Development of Interferometric & Spectroscopic Techniques for High–resolution Spectral Measurements on Fibre Bragg Gratings Vol I of II

This thesis reports the development of a custom ˇ Czerny–Turner spectrometer, the SpectroBragg, which operates natively in the telecoms bands using an InGaAs photodiode array. The SpectroBragg’s photodiode array enables the monitoring of ∼ 70nm with ∼ 1 pm accuracy with a sampling rate of 30ms. The SpectroBragg is intended for use with fibre Bragg grating, FBG, sensors. The strain characterisation of a novel anisotropic FBG, inscribed in Corning SMF–28 telecoms fibre, via a two–photon process at 264 nm is also reported. The two–photon process is more efficient at FBG inscription and the FBGs are structurally anisotropic in isotropic fibre.
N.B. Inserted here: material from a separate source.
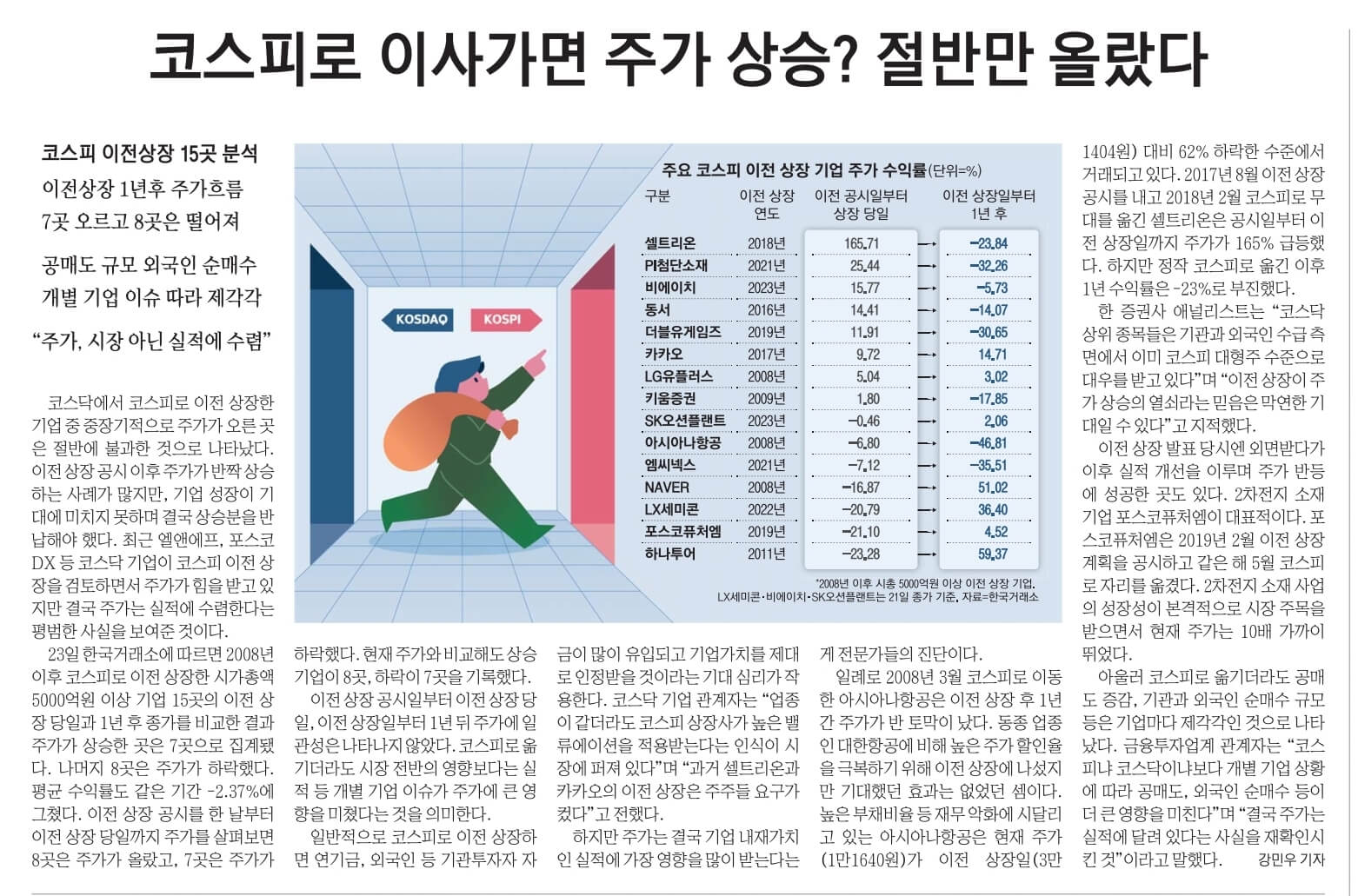 코스닥에서 코스피로 이전 상장한 기업 중 중장기적으로 주가가 오른 곳은 절반에 불과한 것으로 나타났다. 이전 상장 공시 이후 주가가 반짝 상승하는 사례가 많지만, 기업 성장이 기대에 미치지 못하며 결국 상승분을 반납해야 했다.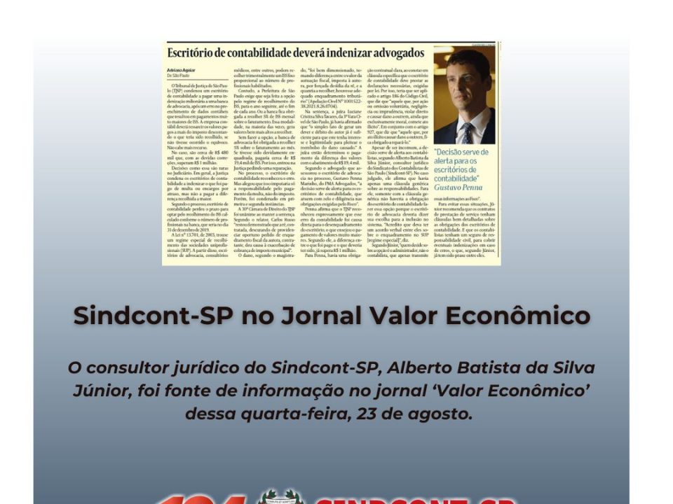 O consultor jurídico do Sindicato dos Contabilistas de São Paulo – Sindcont-SP, Alberto Batista da Silva Júnior, foi fonte de informação no jornal ‘Valor Econômico’ dessa […]

These FBGs combine the characteristics of high–birefringence fibre at the FBG with the transmission characteristics of SMF– 28. Demodulation systems, that have polarisation–sensitivity, behave as polarisation analysers producing an intensity modulation dependent upon the state of polarisation, affecting high–accuracy phase sensitive wavelength interrogation schemes. In this thesis, two depolarisation approaches, a modified polarisation fixer system and a PDL balancing system, are examined as FBG signal depolarisers for anisotropic and isotropic FBG signals that are demodulated by the SpectroBragg spectrometer. The approaches are contrasted with the more traditional Lyot depolarisation system which is incorrectly specified. Rayleigh scattering provides the fundamental minimum to signal attenuation, consisting of two components: incoherently and coherently scattered radiation. The scattered radiation, within the coherence length of a source signal, adds coherently, modifying the guided mode, and for a phase sensitive demodulation system, is recovered as phase noise. In this thesis, the Hilbert transform technique, HTT, is used to analyse two– output, π–shifted interferograms from an all–fibre Michelson interferometer, to demodulate FBG signals, allowing for the recovery of interferograms not detectable with single–output interferograms. The Hilbert transformtechnique has been demonstrated to provide higher resolution wavelength determination than Fourier transform spectroscopy using shorter interferometer scans.